Task item:
All of the data below is to be output without alteration.
*** Opening of Entries provided ***
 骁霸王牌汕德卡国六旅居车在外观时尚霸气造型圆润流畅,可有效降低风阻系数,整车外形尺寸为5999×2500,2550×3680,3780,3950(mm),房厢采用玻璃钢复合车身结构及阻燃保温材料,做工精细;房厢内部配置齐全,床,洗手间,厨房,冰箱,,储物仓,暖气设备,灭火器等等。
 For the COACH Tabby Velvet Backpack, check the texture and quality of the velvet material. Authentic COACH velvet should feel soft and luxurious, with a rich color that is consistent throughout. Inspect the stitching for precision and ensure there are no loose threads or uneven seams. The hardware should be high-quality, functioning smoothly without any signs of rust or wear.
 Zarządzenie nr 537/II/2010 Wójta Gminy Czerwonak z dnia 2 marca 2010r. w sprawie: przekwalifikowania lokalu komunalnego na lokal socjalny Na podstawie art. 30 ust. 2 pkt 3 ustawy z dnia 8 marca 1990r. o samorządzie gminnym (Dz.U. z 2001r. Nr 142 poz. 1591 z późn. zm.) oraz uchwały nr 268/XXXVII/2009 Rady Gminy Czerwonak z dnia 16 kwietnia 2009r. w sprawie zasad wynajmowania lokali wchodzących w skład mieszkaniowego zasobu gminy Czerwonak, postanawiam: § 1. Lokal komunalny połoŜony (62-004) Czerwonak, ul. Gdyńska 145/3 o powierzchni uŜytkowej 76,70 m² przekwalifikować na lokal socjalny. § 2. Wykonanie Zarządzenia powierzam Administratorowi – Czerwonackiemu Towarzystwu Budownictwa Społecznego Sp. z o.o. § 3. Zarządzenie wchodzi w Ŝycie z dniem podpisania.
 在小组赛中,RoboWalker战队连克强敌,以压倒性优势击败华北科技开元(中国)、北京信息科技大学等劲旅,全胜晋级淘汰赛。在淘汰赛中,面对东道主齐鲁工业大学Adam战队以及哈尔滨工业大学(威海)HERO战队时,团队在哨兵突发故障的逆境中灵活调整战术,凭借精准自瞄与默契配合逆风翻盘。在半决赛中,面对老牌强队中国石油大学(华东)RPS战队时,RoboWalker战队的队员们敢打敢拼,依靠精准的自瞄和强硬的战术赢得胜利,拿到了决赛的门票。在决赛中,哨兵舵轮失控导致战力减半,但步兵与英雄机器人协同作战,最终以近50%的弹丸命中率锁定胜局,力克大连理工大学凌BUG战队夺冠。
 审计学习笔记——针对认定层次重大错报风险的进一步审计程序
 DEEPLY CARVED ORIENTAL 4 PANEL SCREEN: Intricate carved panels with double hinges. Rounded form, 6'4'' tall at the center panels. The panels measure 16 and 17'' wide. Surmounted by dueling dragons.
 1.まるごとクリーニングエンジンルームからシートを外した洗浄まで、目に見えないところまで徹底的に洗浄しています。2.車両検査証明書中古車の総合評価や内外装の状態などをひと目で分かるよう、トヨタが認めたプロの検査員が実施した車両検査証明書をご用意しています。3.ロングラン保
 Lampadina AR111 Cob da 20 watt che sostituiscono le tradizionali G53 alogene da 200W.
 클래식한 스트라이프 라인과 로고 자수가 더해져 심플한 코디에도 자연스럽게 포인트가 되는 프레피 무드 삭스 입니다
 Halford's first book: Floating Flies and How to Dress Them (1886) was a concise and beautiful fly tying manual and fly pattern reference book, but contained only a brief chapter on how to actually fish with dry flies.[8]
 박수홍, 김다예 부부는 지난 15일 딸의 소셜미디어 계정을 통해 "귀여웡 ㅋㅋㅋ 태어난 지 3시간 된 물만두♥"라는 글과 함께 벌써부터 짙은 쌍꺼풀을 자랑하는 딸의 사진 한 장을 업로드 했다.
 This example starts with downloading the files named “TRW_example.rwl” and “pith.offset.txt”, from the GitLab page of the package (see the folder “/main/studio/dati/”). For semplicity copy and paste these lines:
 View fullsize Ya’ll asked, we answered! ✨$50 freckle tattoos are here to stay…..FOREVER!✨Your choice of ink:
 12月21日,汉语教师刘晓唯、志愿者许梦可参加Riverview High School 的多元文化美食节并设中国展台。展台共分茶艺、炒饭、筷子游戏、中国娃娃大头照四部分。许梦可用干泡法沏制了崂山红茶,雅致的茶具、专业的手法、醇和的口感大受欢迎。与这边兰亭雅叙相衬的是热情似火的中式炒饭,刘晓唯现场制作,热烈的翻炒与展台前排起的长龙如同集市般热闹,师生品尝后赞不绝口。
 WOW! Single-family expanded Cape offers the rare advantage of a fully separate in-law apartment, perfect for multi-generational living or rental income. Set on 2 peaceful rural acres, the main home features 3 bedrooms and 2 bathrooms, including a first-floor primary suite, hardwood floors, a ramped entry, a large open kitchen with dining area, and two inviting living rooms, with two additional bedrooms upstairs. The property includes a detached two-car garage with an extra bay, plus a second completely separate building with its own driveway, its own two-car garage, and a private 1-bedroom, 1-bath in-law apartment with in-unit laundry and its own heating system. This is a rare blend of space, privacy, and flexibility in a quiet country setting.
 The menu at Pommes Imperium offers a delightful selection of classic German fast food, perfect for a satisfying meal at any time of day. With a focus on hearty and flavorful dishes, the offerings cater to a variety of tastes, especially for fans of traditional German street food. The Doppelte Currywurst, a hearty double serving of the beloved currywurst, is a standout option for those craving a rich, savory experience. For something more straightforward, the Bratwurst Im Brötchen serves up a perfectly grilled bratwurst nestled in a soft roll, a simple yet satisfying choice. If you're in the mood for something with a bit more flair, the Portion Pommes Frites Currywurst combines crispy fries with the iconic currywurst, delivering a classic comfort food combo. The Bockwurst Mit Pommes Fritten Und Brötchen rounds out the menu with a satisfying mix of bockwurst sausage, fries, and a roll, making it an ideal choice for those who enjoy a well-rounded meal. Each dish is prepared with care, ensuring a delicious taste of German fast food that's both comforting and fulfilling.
*** Close of Entries provided ***
Answer section:
 骁霸王牌汕德卡国六旅居车在外观时尚霸气造型圆润流畅,可有效降低风阻系数,整车外形尺寸为5999×2500,2550×3680,3780,3950(mm),房厢采用玻璃钢复合车身结构及阻燃保温材料,做工精细;房厢内部配置齐全,床,洗手间,厨房,冰箱,,储物仓,暖气设备,灭火器等等。
 For the COACH Tabby Velvet Backpack, check the texture and quality of the velvet material. Authentic COACH velvet should feel soft and luxurious, with a rich color that is consistent throughout. Inspect the stitching for precision and ensure there are no loose threads or uneven seams. The hardware should be high-quality, functioning smoothly without any signs of rust or wear.
 Zarządzenie nr 537/II/2010 Wójta Gminy Czerwonak z dnia 2 marca 2010r. w sprawie: przekwalifikowania lokalu komunalnego na lokal socjalny Na podstawie art. 30 ust. 2 pkt 3 ustawy z dnia 8 marca 1990r. o samorządzie gminnym (Dz.U. z 2001r. Nr 142 poz. 1591 z późn. zm.) oraz uchwały nr 268/XXXVII/2009 Rady Gminy Czerwonak z dnia 16 kwietnia 2009r. w sprawie zasad wynajmowania lokali wchodzących w skład mieszkaniowego zasobu gminy Czerwonak, postanawiam: § 1. Lokal komunalny połoŜony (62-004) Czerwonak, ul. Gdyńska 145/3 o powierzchni uŜytkowej 76,70 m² przekwalifikować na lokal socjalny. § 2. Wykonanie Zarządzenia powierzam Administratorowi – Czerwonackiemu Towarzystwu Budownictwa Społecznego Sp. z o.o. § 3. Zarządzenie wchodzi w Ŝycie z dniem podpisania.
 在小组赛中,RoboWalker战队连克强敌,以压倒性优势击败华北科技开元(中国)、北京信息科技大学等劲旅,全胜晋级淘汰赛。在淘汰赛中,面对东道主齐鲁工业大学Adam战队以及哈尔滨工业大学(威海)HERO战队时,团队在哨兵突发故障的逆境中灵活调整战术,凭借精准自瞄与默契配合逆风翻盘。在半决赛中,面对老牌强队中国石油大学(华东)RPS战队时,RoboWalker战队的队员们敢打敢拼,依靠精准的自瞄和强硬的战术赢得胜利,拿到了决赛的门票。在决赛中,哨兵舵轮失控导致战力减半,但步兵与英雄机器人协同作战,最终以近50%的弹丸命中率锁定胜局,力克大连理工大学凌BUG战队夺冠。
 审计学习笔记——针对认定层次重大错报风险的进一步审计程序
 DEEPLY CARVED ORIENTAL 4 PANEL SCREEN: Intricate carved panels with double hinges. Rounded form, 6'4'' tall at the center panels. The panels measure 16 and 17'' wide. Surmounted by dueling dragons.
 1.まるごとクリーニングエンジンルームからシートを外した洗浄まで、目に見えないところまで徹底的に洗浄しています。2.車両検査証明書中古車の総合評価や内外装の状態などをひと目で分かるよう、トヨタが認めたプロの検査員が実施した車両検査証明書をご用意しています。3.ロングラン保
 Lampadina AR111 Cob da 20 watt che sostituiscono le tradizionali G53 alogene da 200W.
 클래식한 스트라이프 라인과 로고 자수가 더해져 심플한 코디에도 자연스럽게 포인트가 되는 프레피 무드 삭스 입니다
 Halford's first book: Floating Flies and How to Dress Them (1886) was a concise and beautiful fly tying manual and fly pattern reference book, but contained only a brief chapter on how to actually fish with dry flies.[8]
 박수홍, 김다예 부부는 지난 15일 딸의 소셜미디어 계정을 통해 "귀여웡 ㅋㅋㅋ 태어난 지 3시간 된 물만두♥"라는 글과 함께 벌써부터 짙은 쌍꺼풀을 자랑하는 딸의 사진 한 장을 업로드 했다.
 This example starts with downloading the files named “TRW_example.rwl” and “pith.offset.txt”, from the GitLab page of the package (see the folder “/main/studio/dati/”). For semplicity copy and paste these lines:
 View fullsize Ya’ll asked, we answered! ✨$50 freckle tattoos are here to stay…..FOREVER!✨Your choice of ink:
 12月21日,汉语教师刘晓唯、志愿者许梦可参加Riverview High School 的多元文化美食节并设中国展台。展台共分茶艺、炒饭、筷子游戏、中国娃娃大头照四部分。许梦可用干泡法沏制了崂山红茶,雅致的茶具、专业的手法、醇和的口感大受欢迎。与这边兰亭雅叙相衬的是热情似火的中式炒饭,刘晓唯现场制作,热烈的翻炒与展台前排起的长龙如同集市般热闹,师生品尝后赞不绝口。
 WOW! Single-family expanded Cape offers the rare advantage of a fully separate in-law apartment, perfect for multi-generational living or rental income. Set on 2 peaceful rural acres, the main home features 3 bedrooms and 2 bathrooms, including a first-floor primary suite, hardwood floors, a ramped entry, a large open kitchen with dining area, and two inviting living rooms, with two additional bedrooms upstairs. The property includes a detached two-car garage with an extra bay, plus a second completely separate building with its own driveway, its own two-car garage, and a private 1-bedroom, 1-bath in-law apartment with in-unit laundry and its own heating system. This is a rare blend of space, privacy, and flexibility in a quiet country setting.
 The menu at Pommes Imperium offers a delightful selection of classic German fast food, perfect for a satisfying meal at any time of day. With a focus on hearty and flavorful dishes, the offerings cater to a variety of tastes, especially for fans of traditional German street food. The Doppelte Currywurst, a hearty double serving of the beloved currywurst, is a standout option for those craving a rich, savory experience. For something more straightforward, the Bratwurst Im Brötchen serves up a perfectly grilled bratwurst nestled in a soft roll, a simple yet satisfying choice. If you're in the mood for something with a bit more flair, the Portion Pommes Frites Currywurst combines crispy fries with the iconic currywurst, delivering a classic comfort food combo. The Bockwurst Mit Pommes Fritten Und Brötchen rounds out the menu with a satisfying mix of bockwurst sausage, fries, and a roll, making it an ideal choice for those who enjoy a well-rounded meal. Each dish is prepared with care, ensuring a delicious taste of German fast food that's both comforting and fulfilling.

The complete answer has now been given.